The impact of these two regulations going into effect has been sweeping and even surprising overall. First and foremost, the specifics of several incidents became public knowledge due to the filing requirements – such as the gaming/casino attacks that occurred late in 2023. While organizations might otherwise downplay the impact of these incidents, or even attempt to completely hide the incident entirely, now the details are becoming public knowledge and impacting things like share prices and customer trust. Other incidents may come to light with the new annual report regulations, showing which companies are properly defending their organizations and which are not. Most surprisingly, advanced persistent threat (APT) groups – organized criminal groups who create and run coordinated attacks against high-value targets – have actually embraced the new regulations. In one now-famous incident, ALPV/BlackCat filed a complaint with the SEC; detailing MeridanLink’s failure to comply with the reporting requirements when that organization did not file an amended Form 8-K in a timely fashion ( https://www.scmagazine.com/news/hacker-group-files-sec-complaint-against-its-own-victim ). It should be noted that this reporting was for an incident that occurred before the go-live date of the regulations, and as such did not actually trigger an SEC investigation; but it shows that threat actors will indeed weaponize this system to force organizations to pay their ransom fees in order to minimize or control what information becomes public about an incident they suffer. 

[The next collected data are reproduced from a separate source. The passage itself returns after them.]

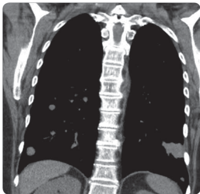
Fig. 1. Input CT of lung and mediastinum (8/2013).

Rare mutations are described in the literature, approximately in 10%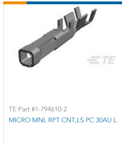
TE Part #1-794610-2 MICRO MNL RPT CNT,LS PC 30AU L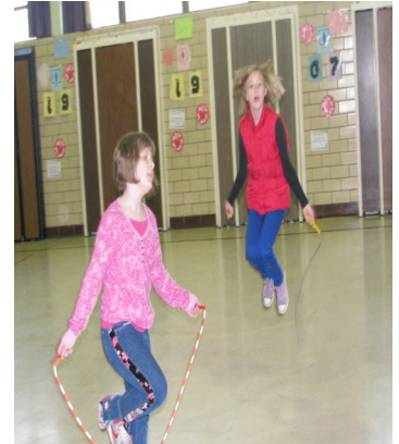
East students enjoy jumping rope to get fit during Jump Rope for Heart week.

stop heart problems. People with heart problems can suffer and die. Students try to get people to make pledges, or promises, to give money to support healthy heart programs. Some students have asked for pledges like one penny for every jump. So stay healthy, get active, and get fit to keep your own heart in good shape. Also support Jump Rope for Heart by donating money to student jumpers.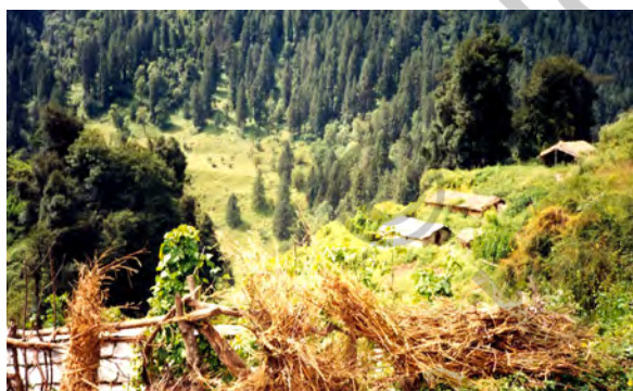
Figure 16.2 A view of a forest life

Do you think such use of forest resources would lead to the exhaustion of these resources? Do not forget that before the British came and took over most of our forest areas, people had been living in these forests for centuries. They had developed practices to ensure that the resources were used in a sustainable manner. After the British took control of the forests (which they exploited ruthlessly for their own purposes), these people were forced to depend on much smaller areas and forest resources started becoming over-exploited to some extent. The Forest Department in independent India took over from the British but local knowledge and local needs continued to be ignored in the management practices. Thus vast tracts of forests have been converted to monocultures of pine, teak or eucalyptus. In order to plant these trees, huge areas are first cleared of all vegetation. This destroys a large amount of biodiversity in the area. Not only this, the varied needs of the local people – leaves for fodder, herbs for medicines, fruits and nuts for food – can no longer be met from such forests. Such plantations are useful for the industries to access specific products and are an important source of revenue for the Forest Department.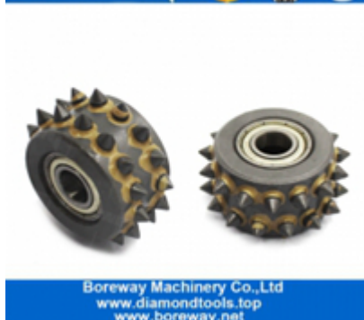
30s Worth Buying Bush Hammer Tools

The new SEC regulations have been challenged, however. The Congress of the United States of America has claimed that the SEC over-reached with the regulations, as such measures are in the purview of Congress and not the SEC. We’ll have to keep an eye on the ongoing debate to see if the regulations are allowed to stand, or if Congress strikes them and renders them invalid. Even if the SEC regulations do get struck down, it would be likely that Congress would pass their own, similar measures to replace them, so this story is going to be sticking around for a while either way.

The SEC has taken a decisive step toward mandatory reporting for cybersecurity incidents that may impact investor decisions. It is likely we will see more governments move in the same direction due to the financial impact of the massive number of cybersecurity incidents seen in the last few years; and the sheer impact that those incidents have had on national and global economic factors. Organizations should definitely prepare for how they will meet these new regulatory requirements to remain in compliance.